── Given data
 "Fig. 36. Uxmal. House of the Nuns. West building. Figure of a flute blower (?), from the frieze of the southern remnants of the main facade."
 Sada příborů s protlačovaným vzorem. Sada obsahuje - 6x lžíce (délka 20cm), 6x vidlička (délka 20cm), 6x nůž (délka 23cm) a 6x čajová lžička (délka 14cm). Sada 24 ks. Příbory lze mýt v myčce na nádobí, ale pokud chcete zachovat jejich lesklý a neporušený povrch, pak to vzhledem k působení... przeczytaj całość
────
── Given data
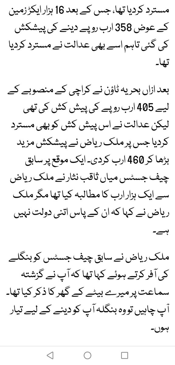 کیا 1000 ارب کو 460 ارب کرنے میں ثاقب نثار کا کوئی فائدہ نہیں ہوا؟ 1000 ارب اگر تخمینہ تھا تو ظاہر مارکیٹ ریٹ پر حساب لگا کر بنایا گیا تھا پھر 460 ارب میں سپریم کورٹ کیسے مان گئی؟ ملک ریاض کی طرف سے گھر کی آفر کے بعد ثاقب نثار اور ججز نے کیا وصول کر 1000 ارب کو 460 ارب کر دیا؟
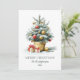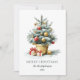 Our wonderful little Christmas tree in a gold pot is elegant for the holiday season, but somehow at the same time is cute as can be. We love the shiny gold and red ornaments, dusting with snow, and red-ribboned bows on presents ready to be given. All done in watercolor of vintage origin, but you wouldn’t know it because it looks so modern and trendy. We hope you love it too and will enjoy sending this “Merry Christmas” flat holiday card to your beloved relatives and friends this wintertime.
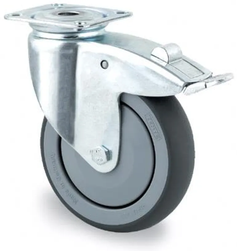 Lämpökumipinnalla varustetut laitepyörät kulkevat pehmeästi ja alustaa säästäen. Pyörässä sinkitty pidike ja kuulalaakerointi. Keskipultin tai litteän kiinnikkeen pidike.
────
**Action item**
Exactly as written above, retype the lines starting at the one holding "کیا 1000 ارب" and ending at the one holding "Lämpökumipinnalla varustetut laitepyörät", both included, but not the pictures.

**Answer to the problem**
 کیا 1000 ارب کو 460 ارب کرنے میں ثاقب نثار کا کوئی فائدہ نہیں ہوا؟ 1000 ارب اگر تخمینہ تھا تو ظاہر مارکیٹ ریٹ پر حساب لگا کر بنایا گیا تھا پھر 460 ارب میں سپریم کورٹ کیسے مان گئی؟ ملک ریاض کی طرف سے گھر کی آفر کے بعد ثاقب نثار اور ججز نے کیا وصول کر 1000 ارب کو 460 ارب کر دیا؟
 Our wonderful little Christmas tree in a gold pot is elegant for the holiday season, but somehow at the same time is cute as can be. We love the shiny gold and red ornaments, dusting with snow, and red-ribboned bows on presents ready to be given. All done in watercolor of vintage origin, but you wouldn’t know it because it looks so modern and trendy. We hope you love it too and will enjoy sending this “Merry Christmas” flat holiday card to your beloved relatives and friends this wintertime.
 Lämpökumipinnalla varustetut laitepyörät kulkevat pehmeästi ja alustaa säästäen. Pyörässä sinkitty pidike ja kuulalaakerointi. Keskipultin tai litteän kiinnikkeen pidike.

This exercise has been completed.